XQ-MEval: A Dataset with Cross-lingual Parallel Quality for Benchmarking Translation Metrics

Conference: ACL 2026
arXiv: 2604.14934
Code: GitHub
Area: AI Safety
Keywords: Translation Evaluation Metrics, Cross-Lingual Scoring Bias, MQM Error Injection, Multilingual Benchmark, Metric Calibration

TL;DR

This paper constructs XQ-MEval, the first translation evaluation benchmark with cross-lingual parallel quality, using semi-automated MQM error injection to generate pseudo-translations with controllable quality, empirically revealing cross-lingual scoring bias in automatic evaluation metrics for the first time, and proposing an LGN normalization strategy that effectively calibrates multilingual metric evaluation.

Background & Motivation

Background: Evaluation of multilingual translation systems typically relies on automatic metrics (COMET, MetricX, etc.), with the standard practice of averaging metric scores across language directions as the system-level score. MQM human evaluation achieves cross-lingual comparability through standardized error categories and hierarchical penalty scoring.

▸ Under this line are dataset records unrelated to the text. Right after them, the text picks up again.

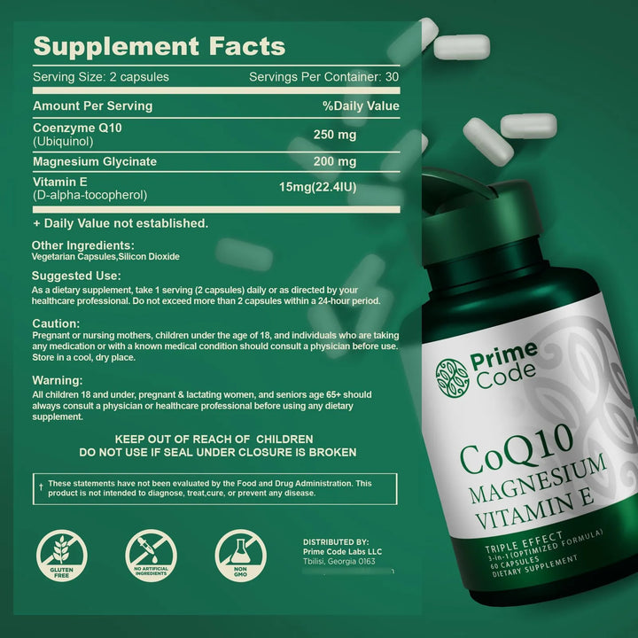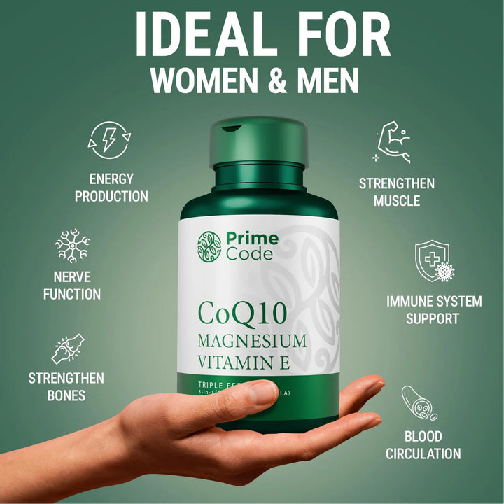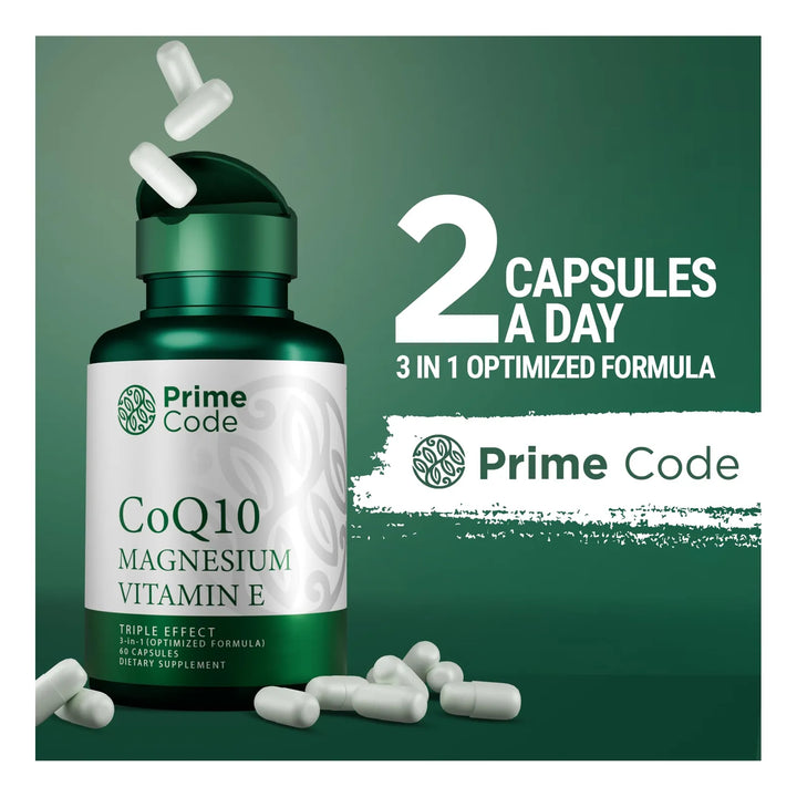 Este poderoso trío trabaja en sinergia para apoyar tu bienestar general. La CoQ10 es un nutriente esencial que tu cuerpo produce naturalmente, pero que disminuye con la edad. Al combinarla con magnesio y vitamina E, potencias sus beneficios, protegiendo tus células, mejorando tu energía y cuidando tu corazón como nunca antes.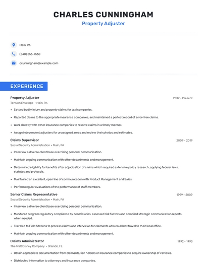 Build a professional property adjuster resume in minutes. Browse through our resume examples to identify the best way to word your resume. Then choose from 5+ resume templates to create your property adjuster resume.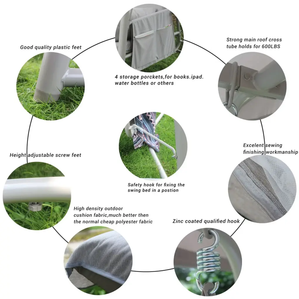 The CAVINAS swing features a sturdy steel frame with a professional rust prevention treatment and high-end outdoor powder coating, ensuring durability and a maximum weight capacity of 600 lbs. The seat and backrest are made of breathable, waterproof Teslin fabric that is easy to clean and provides excellent heat dissipation. This versatile swing easily converts from a 3-person swing chair to a 2-person swing bed, perfect for creating memories with loved ones. Equipped with a plush 3.9-inch cushion filled with sponge and PP cotton, it offers soft, comfortable seating. The upgraded suspension system ensures a quieter and more durable swing experience.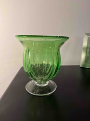 Mid-Century Blown Bubble Glass Vase in Emerald Green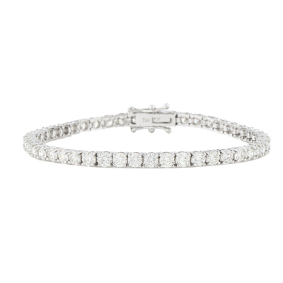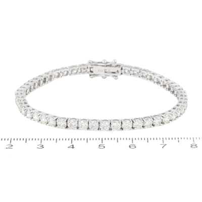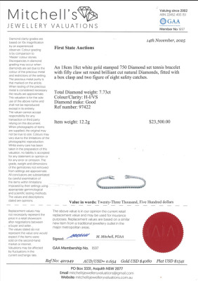Diamond tennis bracelet with 50 round Natural Diamonds totalling 7.73ct (Estimated grading: H-I VS). 18ct white gold. Length: 18cm. Weight: 12.2g. With Valuation Certificate #421949. (New)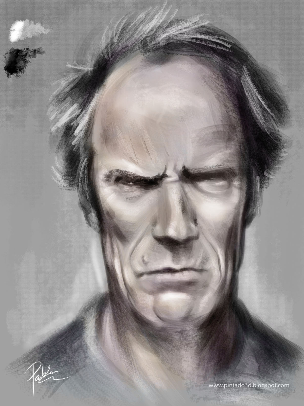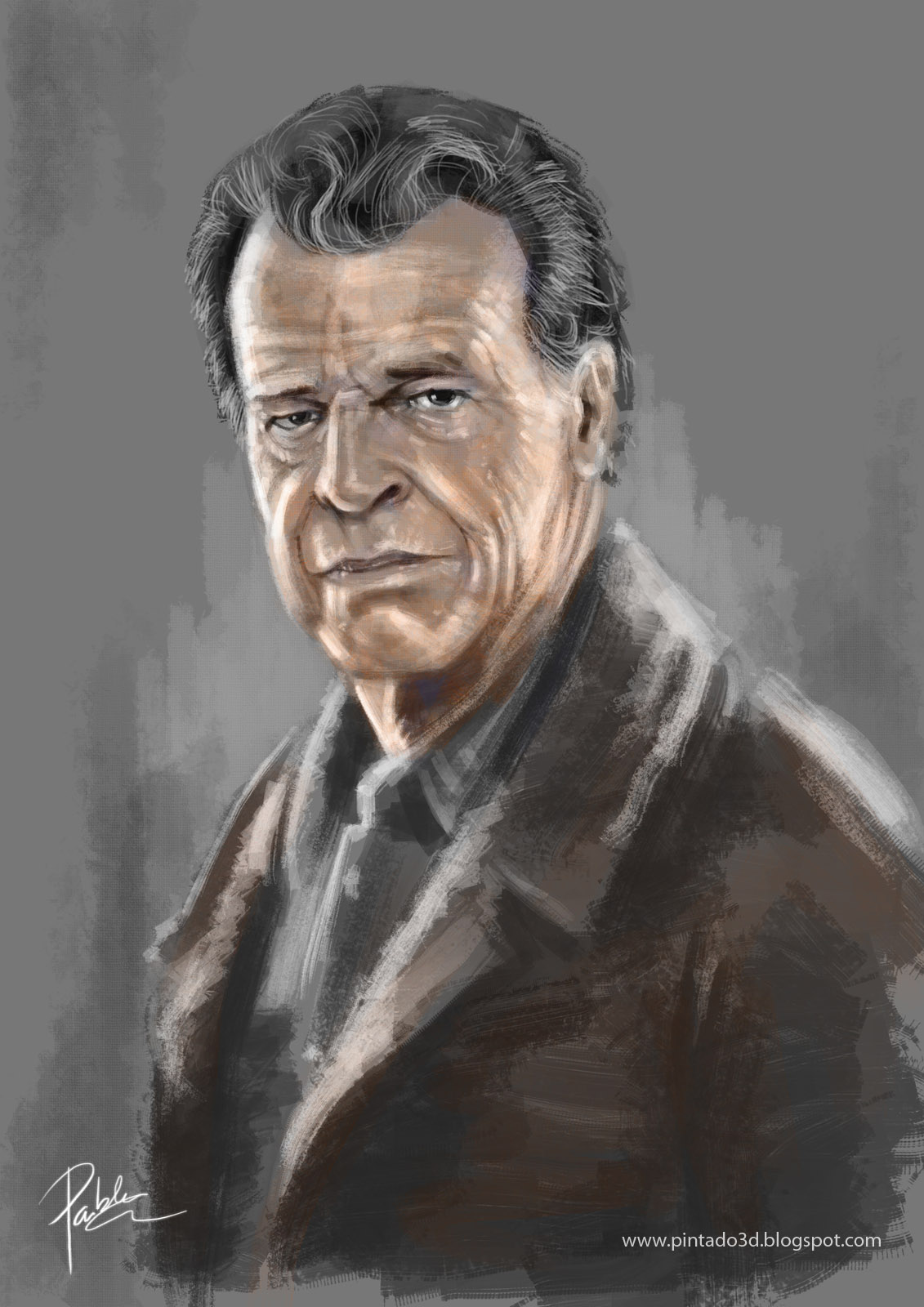 . Hola, os resumo un poco la historia, hace ya unos cuantos años que no hacía ninguna pintura o dibujo, por razones varias acabé un poco quemado, pero últimamente me venía picando ya el gusanillo de dibujar o pintar algo de nuevo, no es gran cosa, pero estoy contento porque supone mi vuelta a algo que tanto me gustó siempre. Lo he hecho en 2-3 horas más o menos así que, supongo que, lo considero speed painting. Y nada más, creo que sabéis quien es, me he basado en una fotografía googleada, pero no es overpainting.

Limitations of Prior Work: The averaging strategy implicitly assumes that different languages score on the same scale for similar errors, but in practice metrics may exhibit cross-lingual scoring bias — translations of the same quality receive different scores in different languages. For example, translations with the same major error receive significantly different COMET scores across languages.

Key Challenge: No benchmark dataset provides cross-lingual parallel quality instances, making it impossible to systematically quantify and verify scoring bias. Expert annotation costs are extremely high, limiting language coverage.

Goal: (1) Construct a cross-lingual parallel quality benchmark; (2) quantify cross-lingual scoring bias; (3) propose calibration strategies to improve fairness in multilingual evaluation.

Key Insight: Automatically inject MQM-defined errors into high-quality reference translations, generating pseudo-translations with controllable quality through controlling error quantity, with native speaker filtering to ensure reliability.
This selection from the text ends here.